■ **What is being asked**
Look below for the line containing "- Презенс: sei". Write out that line and the rest through the last one, exactly as they appear, but without pictures.

■ **Information provided**
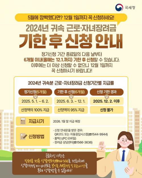 정기 신청을 놓쳤다고 해서 근로장려금을 완전히 포기할 필요는 없습니다. 지금도 '기한 후 신청'으로 최대 95%까지 받을 수 있는 기회가 열려있으니, 이 기간을 놓치면 2024년 소득분에 대한 지원은 영영 받을 수 없어요. 지금 당장 확인하고 신청 절차를 시작해 보세요! 지금 바로 신청하기 근로장려금 기한후 신청 기간, 신청 방법 근로장려금 기한후 신청 기간, 신청 방법 근로장려금 기한 후 신청 개요 근로장려금은 근로·사업·종교인 소득이 있는 저소득 가구의 생활 안정을 지원하기 위해 정부가 현금으로 지급하는 제도입니다. 정기·반기 신청을 놓쳤더라도, 2025년 6월 3일부터 12월 1일까지 기한 후 신청이 가능합니다. 단, 이 기간에 신청하면 지급액이 5% 감액됩니다. 신청 가능 기간과 방식 정기 신청: 2025년 5월 1일 ~ 6월 2일 (100% 지급) 기한 후 신청: 2025년 6월 3일 ~ 12월 1일 (95% 지급) 신청 방법: ① 홈택스(PC) – 로그인 후 ‘장려금 신청’ 메뉴 ② 손택스(앱) – ‘근로장려금 신청’ 선택 ③ ARS(1544-9944) – 주민번호·개별인증번호 입력 ④ 세무서 방문 및 대리 신청 ⑤ 안내문 내 QR코드 또는 링크 접속 지금 바로 신청하기 근로장려금 기한후 신청 기간, 신청 방법 근로장려금 기한후 신청 기간, 신청 방법 가구 유형별 최대 지급액 비교 가구 유형 정기 신청 최대액 기한 후 신청 지급액(95%) 감액 금액(5%) 단독 가구 1,650,000원 1,567,500원 82,500원 홑벌이 가구 2,850,000원 2,707,500원 142,500원 맞벌이 가구 3,300,000원 3,135,000원 165,000원 신청 자격 조건 소득 요건: 단독 가구: 연 2,200만 원 미만 홑벌이 가구: 연 3,200만 원 미만 맞벌이 가구: 연 4,400만 원 미만 재산 요건: 2024년 6월 1일 기준 가구원 전체 재산 합계 2억 4천만 원 미만 1억 7천만 원 이상~2억 4천만 원 미만일 경우 50%만 지급 재산 범위: 주택, 토지, 건물, 자동차, 예금, 주식, 보험 등 (부채 제외) 신청 시 주의 사항 허위·부정 신청 시 전액 환수 및 가산세 부과 국세 체납이 있는 경우 최대 30%까지 차감 지급까지 약 4개월 소요 결론 근로장려금은 단순한 현금 지원이 아닌, 열심히 일하는 저소득 가구에 대한 든든한 버팀목입니다. 정기 신청을 놓쳤더라도 기한 후 신청으로 충분히 혜택을 받을 수 있습니다. 단, 기간을 놓치지 말고 필요한 서류와 절차를 미리 준비해 두는 것이 중요합니다. Q&A Q1. 기한 후 신청 시 지급액이 왜 줄어드나요? A1. 정기 신청 기한을 넘기면 제도상 감액(5%)이 적용되어 95%만 지급됩니다. Q2. 기한 후 신청 기간에 못 하면 어떻게 되나요? A2. 해당 연도 소득분에 대한 근로장려금은 더 이상 신청할 수 없습니다. Q3. 재산 요건 계산 시 부채를 뺄 수 있나요? A3. 아니요. 부채는 제외하지 않고 총자산 기준으로 판단합니다. Q4. 신청 후 언제 지급되나요? A4. 접수일로부터 약 4개월 이내에 지급됩니다. Q5. ARS 신청 시 필요한 것은? A5. 주민등록번호와 안내문에 기재된 개별인증번호가 필요합니다. 신청안하면 못받는 313만원 지금 바로 신청하기 근로장려금 기한후 신청 기간, 신청 방법 신청하러 가기 오늘 보지않기
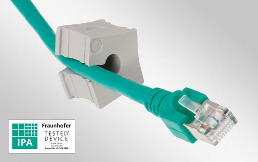 可分式 U 形電纜穿芯,適用于帶或不帶連接器的電纜(線徑范圍為 4 - 11 mm)。 免工具安裝。
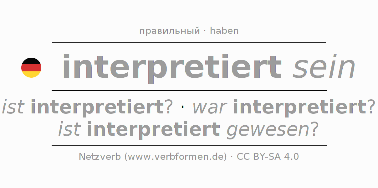 - Презенс: sei ich interpretiert?, seiest du interpretiert?, sei er interpretiert?, seien wir interpretiert?, seiet ihr interpretiert?, seien sie interpretiert?
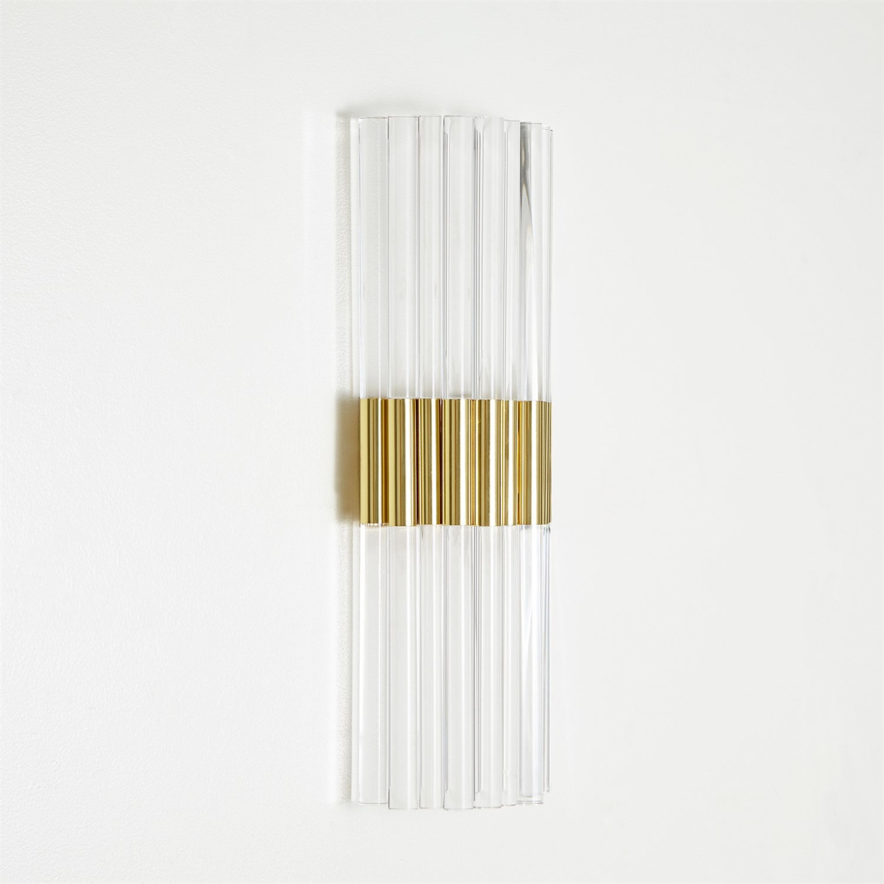 شمعداننا الأكريليكي الأنيق يتميز بارتفاعات متفاوتة من أنابيب الأكريليك، مثبتة بحزام مركزي من النحاس الصلب. ضيق العمق ويخفي المصابيح تمامًا.

■ **Solution below**
 - Презенс: sei ich interpretiert?, seiest du interpretiert?, sei er interpretiert?, seien wir interpretiert?, seiet ihr interpretiert?, seien sie interpretiert?
 شمعداننا الأكريليكي الأنيق يتميز بارتفاعات متفاوتة من أنابيب الأكريليك، مثبتة بحزام مركزي من النحاس الصلب. ضيق العمق ويخفي المصابيح تمامًا.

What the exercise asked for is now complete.